Available client options

| Key | Type | Default Value | Description | | ------------------------------ | ------------------ | -------------------------------------- | --------------------------------------------------------------------------------------------------------- | | api_key | string | Env variable for api_key_env_var key | Meraki API Key to authenticate requests. Can be explicitly specified or autodetected from environment | | api_key_env_var | string | "MERAKI_DASHBOARD_API_KEY" | Environment variable name to seach for API Key when api_key option is not provided | | base_url | string | "https://api.meraki.com" | Backend endpoint where requests will be sent to. Can be changed to point to the API Gateway or CloudFront | | base_path | string | "/api/v1" | API base path. Can be changed to confugure custom API Gateway or CloudFront routes | | user_agent | string | "Boundless/1.0 Boundless" | HTTP User Agent used for requests | | timeout | number | 60000 | HTTP timeout in milliseconds | | request_mode | "dispatch" \| "preview" \| "batch" | "dispatch" | Current request mode of a client. Learn more on that below | | retry_on_error | boolean | true | Tries to repeat the request on error if true. HTTP errors will not trigger this by default | | retry_on_statuses | number[] | [429, 503] | HTTP response statuses that should be considered as errors ans trigger a retry mechanism | | maximum_retries | number | 5 | Maximum amount of retries before the request rejection (when retry_on_error is true) | | proxy | string | null | Is not used now | | retry_on_rate_limit | boolean | false | Is not used now | | output_log | boolean | false | Is not used now | | print_to_console | boolean | false | Is not used now | | action_batch_retry_wait_time | number | 0 | Is not used now |

Request Modes

There are three available request modes: dispatch, preview, and batch.

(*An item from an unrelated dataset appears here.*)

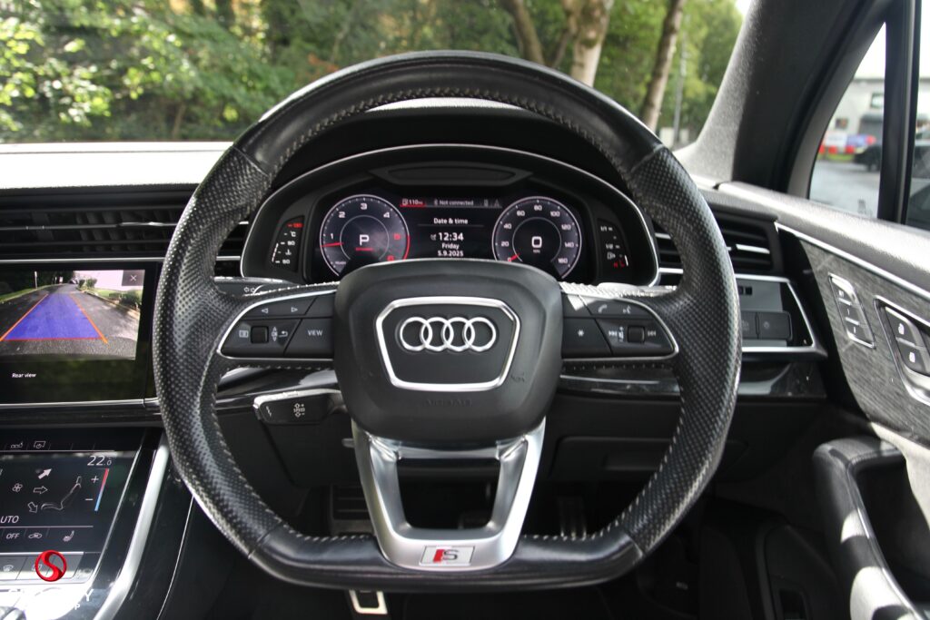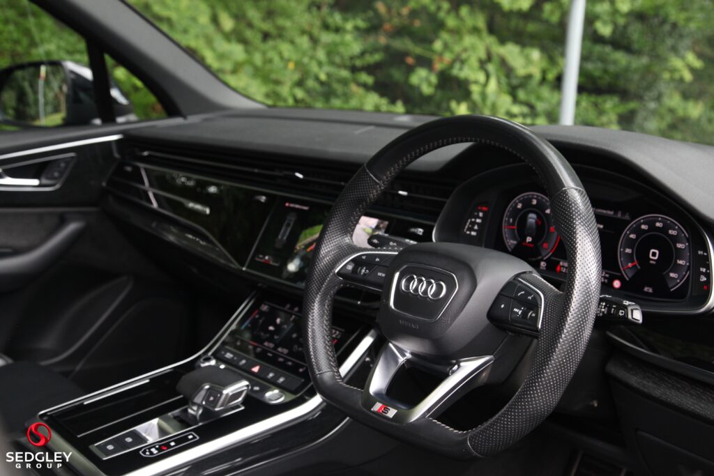 2019 (69) AUDI Q7 V6 50 BLACK EDITION QUATTRO FINISHED IN BRILLIANT BLACK, FULL SERVICE HISTORY, ELECTRIC PANORAMIC GLASS SUNROOF, REVERSE CAMERA, ELECTRIC FRONT HEATED SEATS WITH MEMORY FUNCTION AND ADJUSTABLE LUMBAR SUPPORT, 21″ 10 STAR SPOKE DESIGN ALLOYS WITH BLACK BRAKE CALLIPERS, FIXED SIDE STEPS, ADAPTIVE AIR SPORTS SUSPENSION, AUDI MATRIX LED HEADLIGHTS WITH DYNAMIC FRONT AND REAR INDICATORS, AUDI PARKING SYSTEM PLUS, AUDI PHONE BOX WITH WIRELESS CHARGING, AUDI SMARTPHONE INTERFACE, BLACK ROOF RAILS, CRUISE CONTROL WITH SPEED LIMITER, LANE DEPARTURE WARNING, LED INTERIOR AMBIENT LIGHTING PACKAGE, DELUXE FOUR ZONE CLIMATE CONTROL, HEATED ELECTRIC ADJUSTABLE FOLDING DOOR MIRRORS WITH AUTO DIMMING, EXTENDED PEDESTRIAN PROTECTION, ILLUMINATED DOOR SILLS WITH S LOGO, KEYLESS GO, POLISHED OAK INLAYS, LED DAYTIME RUNNING LIGHTS, MMI NAVIGATION PLUS WITH MMI TOUCH, NATURAL VOICE RECOGNITION, PRIVACY GLASS, FLAT BOTTOM THREE SPOKE MULTIFUNCTION STEERING WHEEL, TYRE PRESSURE LOSS INDICATOR, WINDSHIELD WITH HEAT INSULATING GLASS,AUDI MUSIC INTERFACE, AUDI CONNECT, AUTO DIMMING REAR VIEW MIRRORS, DAB RADIO, BLUETOOTH AUDIO STREAMING, WE ARE AN AWARD WINNING DEALERSHIP, ALL VEHICLES ARE HPI CLEAR, £199 ADMIN FEE APPLIES, FOLLOW US ON INSTAGRAM @SEDGLEYGROUP, PLEASE CALL US ON 0161 750 6070 OR 07555 658 658.

The default mode is dispatch, which immediately dispatches requests to the Meraki endpoint (as any common API client does).

However, the client makes it possible to use the Meraki Action Batch feature by preparing and executing the batches once the work has been batched; the preview and batch modes control that process.

The preview mode does nothing but return the action body that can then be added to the batch actions array. This is useful to manage actions and batches or for debugging purposes.

The batch mode prepares and adds the action body to the current batch actions list.

The following methods can be used to change the request mode: client.set_request_mode(/* mode */), client.set_dispatch_mode(), client.set_preview_mode(), client.set_batch_mode().

Actions Batches, Types Safety

There is a limited amount of Meraki API methods that support Action Batches. All the GET methods are not supported by default, but the complete list can be found using import { batchable_actions } from '@boundlessdigital/meraki-sdk'.

TBD (not implemented yet)

API Spec and Resources

Besides the Client implementation, there are a raw API spec and a few pre-processed resources to help build request bodies, work with Action Batches, etc. It can be accessed by

import {
    spec,
    schemas,
    endpoints,
    operations,
    batchable_actions,
    unbatchable_actions,
    operations_builder,
} from '@boundlessdigital/meraki-sdk'

The available resources are:

  • spec - a complete raw OpenAPI Definition of the Meraki API
  • schemas - pre-processed OpenAPI Definition, a dictionary of all the data types used in the Meraki API
  • endpoints - pre-processed OpenAPI Definition, a complete list of HTTP endpoints with their definitions as an array
  • operations - pre-processed OpenAPI Definition to help find operation definition by its ID (operation ID is the dictionary key, operation body is the value)
  • batchable_actions - a dictionary of all the API operations that support Action Batches. OpenAPI Operation ID is the dictionary key here.
  • unbatchable_actions - a list of the API operations that are supposed to support Action Batches but actually do not (because of bad Meraki API design or other reasons)
  • operations_builder - a dictionary of available API resources (in a form they are presented in the Client autogenerated code), where each resource contains available operations over it (like read, create, update, delete etc.)